From: Florian Westphal <fw@strlen.de>
To: <netfilter-devel@vger.kernel.org>
Cc: Florian Westphal <fw@strlen.de>
Subject: [PATCH nft 4/4] ct: add conntrack label set support
Date: Thu, 21 Apr 2016 16:34:44 +0200 [thread overview]
Message-ID: <1461249284-12114-5-git-send-email-fw@strlen.de> (raw)
In-Reply-To: <1461249284-12114-1-git-send-email-fw@strlen.de>
Pablo suggested to support this by indicating the label bit number that we
want to set via netlink attribute.
IOW, ct label set doesn't use an sreg -- instead the bit that we
should set in the conntrack label area is passed as immediate attribute.
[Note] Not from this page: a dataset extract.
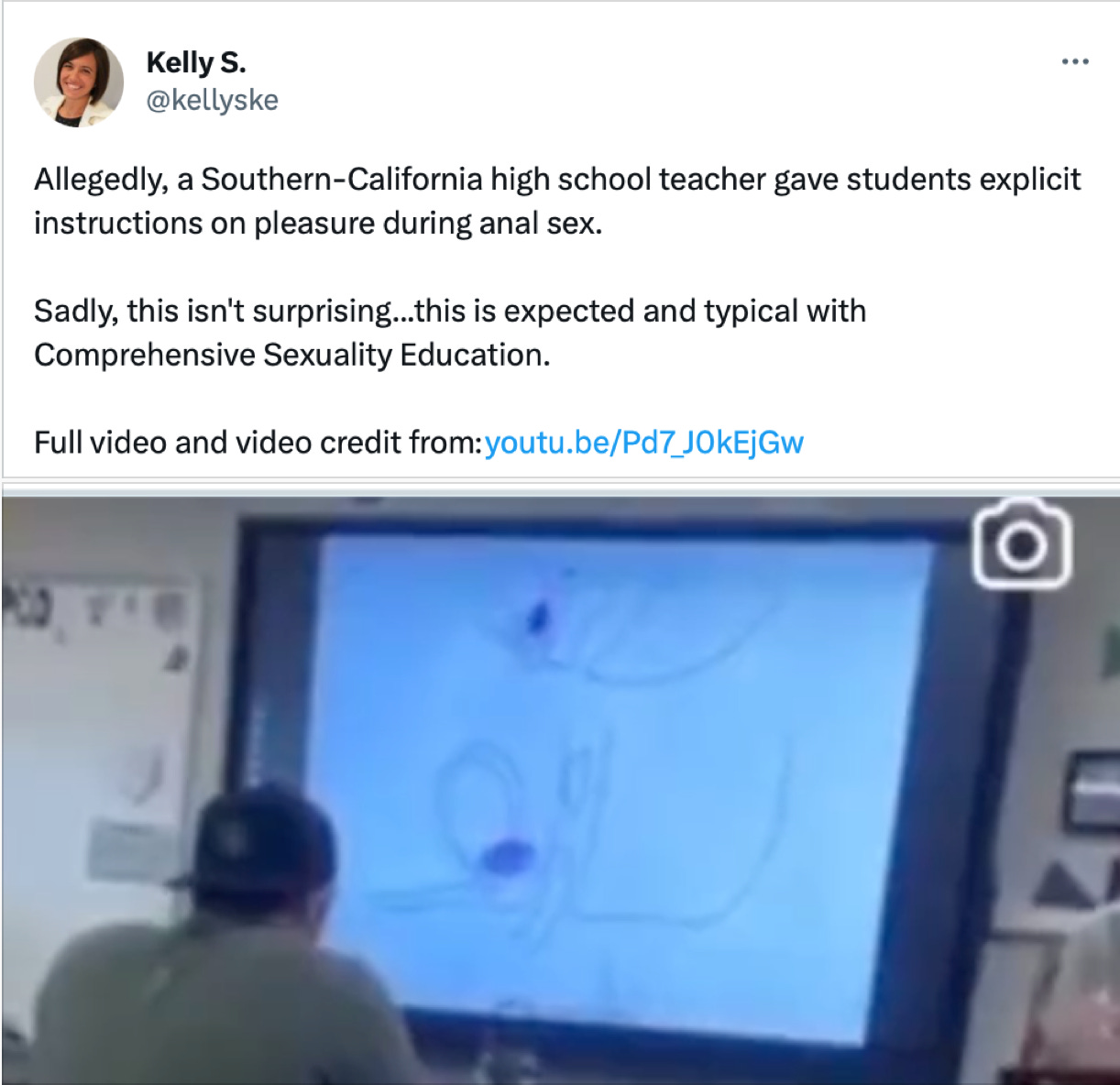 This next story helps explain why straight parents are riled up about gay issues these days. Yesterday, Moms for Liberty retweeted a local report from El Dorado High School, where a student had published to YouTube a secret recording of their teacher giving her kids an explicit lesson on gay anal sex techniques, and how wonderful she thinks prostate stimulation feels, along with smart-shopper suggestions as to which stores — she mentioned Target (of course) — where students can discreetly purchase sex toys for, er, related uses.

To make this work we have to dissect the argument and derive the
bit from the bitfield (only one bit can be set).
For nft list, we create a new bitfield and set the appropriate label bit.
Signed-off-by: Florian Westphal <fw@strlen.de>
---
src/evaluate.c | 28 ++++++++++++++++++++++++----
src/netlink_delinearize.c | 44 +++++++++++++++++++++++++++++++++++++++-----
src/netlink_linearize.c | 23 +++++++++++++++++------
3 files changed, 80 insertions(+), 15 deletions(-)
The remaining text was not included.